[[ SOURCE MATERIAL open ]]

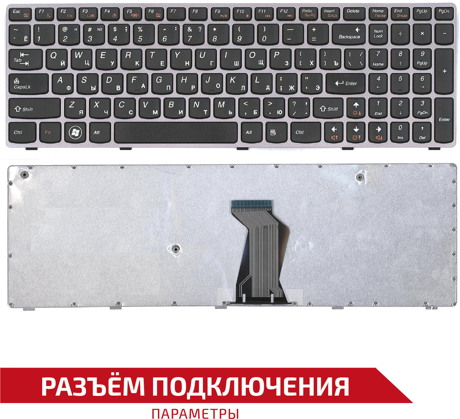 Клавиатура для ноутбука Lenovo IdeaPad B570 B580 V570 Z570 Z575 черная с серой рамкой
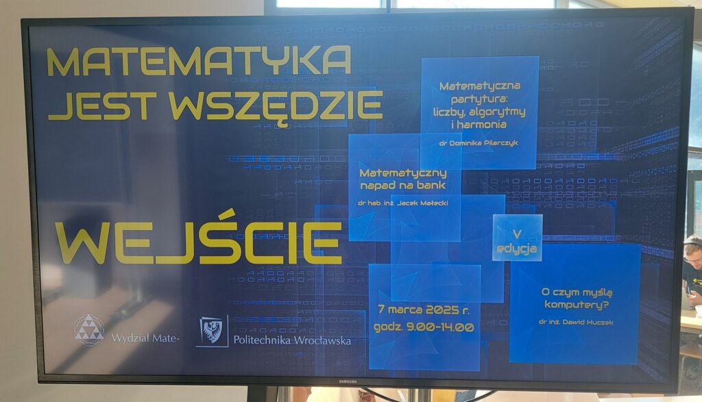 7 marca 2025 r. klasy 2b oraz 3b uczestniczyły w wykładach z cyklu „Matematyka Jest Wszędzie” zorganizowanych przez Wydział Matematyki Politechniki Wrocławskiej z okazji Międzynarodowego Dnia Matematyki. Zostały wygłoszone trzy wykłady. Pierwszy poprowadził dr hab. inż. Jacek Małecki -Matematyczny napad na bank, drugi dr Dominika Pilarczyk – Matematyczna partytura: liczby, algorytmy i harmonia, a trzeci dr inż. Dawid Huczek – O czym myślą komputery? Było to pełne wrażeń spotkanie z matematyką.
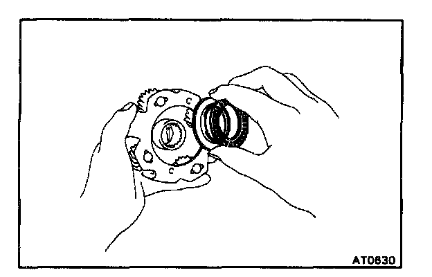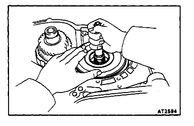 d. Hold the input shaft, and lightly press the oil pump body to slide the oil seal rings on the stator shaft through the direct clutch drum.
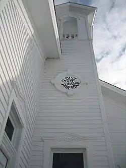 The bell tower rises 43 feet (13 m), and halfway up its length is a large round sign. The sign denotes the school district, Pine Rock, and the year of the school's foundation. Originally, the sign graced the front exterior wall of the larger of the two rooms. The tower rises above the roof by about fifteen feet and at its top are four arches, one on each side.[6] Wooden construction is found throughout the tower, its arches, and the rest of the schoolhouse, save the limestone and cement foundation.[3] At the bottom of each of the four arches are balustrades decorated with spindles. Inside the tower is the school bell. The bell house is topped with a multi-gabled roof. The roof of the overall schoolhouse is covered with cedar shingles and features chimneys rising from each of the classrooms.[6]
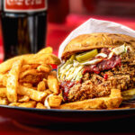Twice-fried chicken sandwiches ($16) are five-napkin affairs. Go for the “Mother-Clucker” with piles of slaw, pickled jalapeños and “Bang Bang” dip made with gochujang, chili crunch and fermented chiles on a brioche bun. It’s fiery and filled with umami but not tongue-singeing.

[[ SOURCE MATERIAL closed ]]

- INSTRUCTIONS FOR THE TASK
The reply should hold every entry above, given again exactly, but not a single picture.

- OUTPUT FOR THIS EXERCISE
 Клавиатура для ноутбука Lenovo IdeaPad B570 B580 V570 Z570 Z575 черная с серой рамкой
 7 marca 2025 r. klasy 2b oraz 3b uczestniczyły w wykładach z cyklu „Matematyka Jest Wszędzie” zorganizowanych przez Wydział Matematyki Politechniki Wrocławskiej z okazji Międzynarodowego Dnia Matematyki. Zostały wygłoszone trzy wykłady. Pierwszy poprowadził dr hab. inż. Jacek Małecki -Matematyczny napad na bank, drugi dr Dominika Pilarczyk – Matematyczna partytura: liczby, algorytmy i harmonia, a trzeci dr inż. Dawid Huczek – O czym myślą komputery? Było to pełne wrażeń spotkanie z matematyką.
 d. Hold the input shaft, and lightly press the oil pump body to slide the oil seal rings on the stator shaft through the direct clutch drum.
 The bell tower rises 43 feet (13 m), and halfway up its length is a large round sign. The sign denotes the school district, Pine Rock, and the year of the school's foundation. Originally, the sign graced the front exterior wall of the larger of the two rooms. The tower rises above the roof by about fifteen feet and at its top are four arches, one on each side.[6] Wooden construction is found throughout the tower, its arches, and the rest of the schoolhouse, save the limestone and cement foundation.[3] At the bottom of each of the four arches are balustrades decorated with spindles. Inside the tower is the school bell. The bell house is topped with a multi-gabled roof. The roof of the overall schoolhouse is covered with cedar shingles and features chimneys rising from each of the classrooms.[6]
Twice-fried chicken sandwiches ($16) are five-napkin affairs. Go for the “Mother-Clucker” with piles of slaw, pickled jalapeños and “Bang Bang” dip made with gochujang, chili crunch and fermented chiles on a brioche bun. It’s fiery and filled with umami but not tongue-singeing.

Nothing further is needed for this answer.